Bouncing oil droplets reveal slippery truth

Ross Anderson writes:
I am a heretic. There, I've said it. My heresy? I don't believe that quantum computers can ever work.

I've been a cryptographer for over 20 years and for all that time we've been told that sooner or later someone would build a quantum computer that would factor large numbers easily, making our current systems useless.

However, despite enormous amounts of money spent by research councils and government agencies, the things are stuck at three qubits. Factoring 15 is easy; 35 seems too hard.

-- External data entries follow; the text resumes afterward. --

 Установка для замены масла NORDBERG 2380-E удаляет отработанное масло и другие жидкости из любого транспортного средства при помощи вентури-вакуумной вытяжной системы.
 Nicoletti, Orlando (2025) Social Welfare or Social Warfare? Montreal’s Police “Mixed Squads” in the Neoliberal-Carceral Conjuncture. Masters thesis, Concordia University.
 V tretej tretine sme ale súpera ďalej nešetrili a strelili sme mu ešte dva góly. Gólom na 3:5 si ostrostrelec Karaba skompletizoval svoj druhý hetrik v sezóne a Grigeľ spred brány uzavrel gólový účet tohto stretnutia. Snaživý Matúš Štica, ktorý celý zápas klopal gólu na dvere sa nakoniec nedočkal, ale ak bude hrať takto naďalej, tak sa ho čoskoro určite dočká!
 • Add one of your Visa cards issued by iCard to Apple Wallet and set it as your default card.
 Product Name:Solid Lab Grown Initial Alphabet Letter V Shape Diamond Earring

A Canadian company has started selling computers they claim are quantum; scientists from Google and NASA said they couldn't observe any quantum speed-up.

Recently, the UK government decided to take £200m from the science budget and devote it to found a string of new "quantum hubs". That might be a bad sign; ministerial blessing is often the last rites for a failing idea.

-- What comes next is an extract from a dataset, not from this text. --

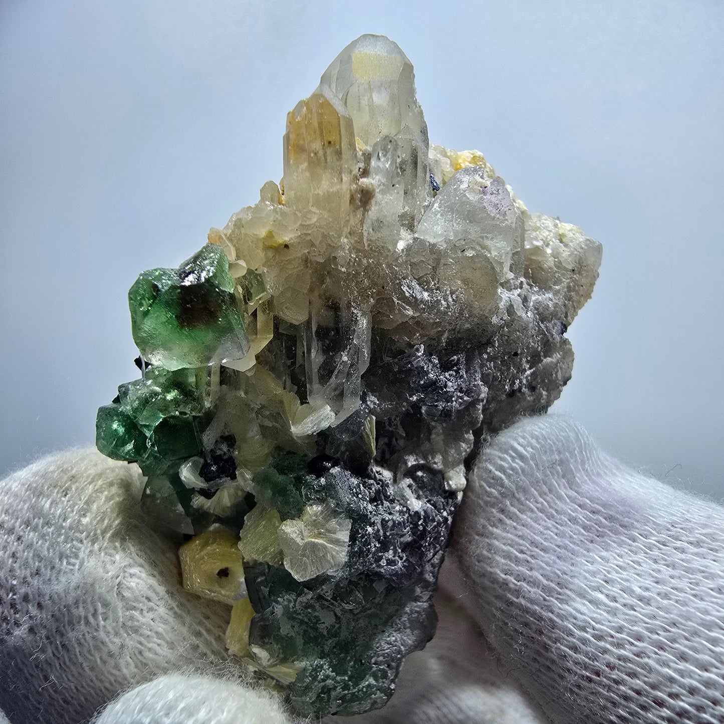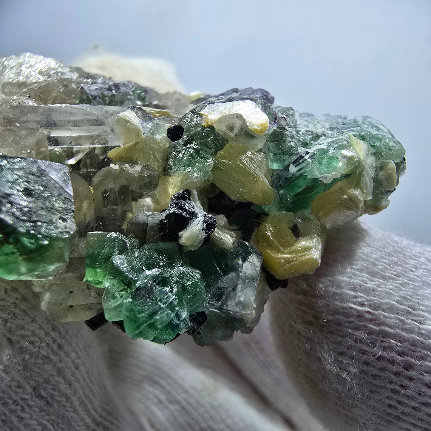 Entdecken Sie diese faszinierende Mineralienstufe, die eine einzigartige Kombination aus grün-braun-transparenten, klaren Phantom Fluorit Würfeln bietet. In diesen exquisite Kristallen sind wunderschöne Phantome zu erkennen, die dem Stück eine zauberhafte Ausstrahlung verleihen. Ergänzt wird die Stufe von gelb metallisch glänzenden Muskovit Kristallen, weiß-braun-transparenten Rauchquarz Kristallspitzen und länglichen, schwarzen Schörl Turmalin Kristallen, die dem Gesamterscheinungsbild weiteren Charakter verleihen.

So will one more heave get us there, or is it all a waste of time?
Not only that, he has co-authored Maxwell's fluid model of magnetism. He claims that physics went bad about 150 years ago, and some ideas that were abandoned then are really right.

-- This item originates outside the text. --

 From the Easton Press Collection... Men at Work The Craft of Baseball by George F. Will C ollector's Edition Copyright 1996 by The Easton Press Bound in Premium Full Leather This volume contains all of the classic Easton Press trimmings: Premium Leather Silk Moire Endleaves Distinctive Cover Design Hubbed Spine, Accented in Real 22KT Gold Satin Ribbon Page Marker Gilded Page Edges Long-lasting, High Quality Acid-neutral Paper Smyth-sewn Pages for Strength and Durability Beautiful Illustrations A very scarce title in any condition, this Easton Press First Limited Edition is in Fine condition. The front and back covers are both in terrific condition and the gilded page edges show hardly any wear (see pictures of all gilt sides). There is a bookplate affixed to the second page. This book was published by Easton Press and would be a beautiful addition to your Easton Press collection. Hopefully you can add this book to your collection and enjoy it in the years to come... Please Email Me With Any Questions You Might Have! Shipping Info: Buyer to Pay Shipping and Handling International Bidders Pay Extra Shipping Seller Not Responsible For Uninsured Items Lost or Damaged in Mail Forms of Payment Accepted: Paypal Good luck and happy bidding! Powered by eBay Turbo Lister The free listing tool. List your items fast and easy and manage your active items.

Scott Aaronson says that it is extremely safe to say that he is wrong, but is not able to pinpoint the error. Aaronson trashed some related work in 2013.

I sometimes get comments saying that mainstream physics has been wrong for a century or more. I don't know how to evaluation such claims. Science is never that completely wrong.

Anderson's theory seems to be some sort of hidden variable theory. I am persuaded that XX century quantum theory and experiments have ruled these out. So I do not see how he can be right.

Anderson is one of the world's experts on cryptographic security for banking and related industries. My guess is that he is frequently asked whether banks should use quantum cryptography, or worry about attacks from quantum computing. He surely comes to the conclusion, as do I, that both subjects are almost completely irrelevant to banking. Then he must be frustrated by bankers who doubt him because so many big-shots are over-hyping the quantum stuff.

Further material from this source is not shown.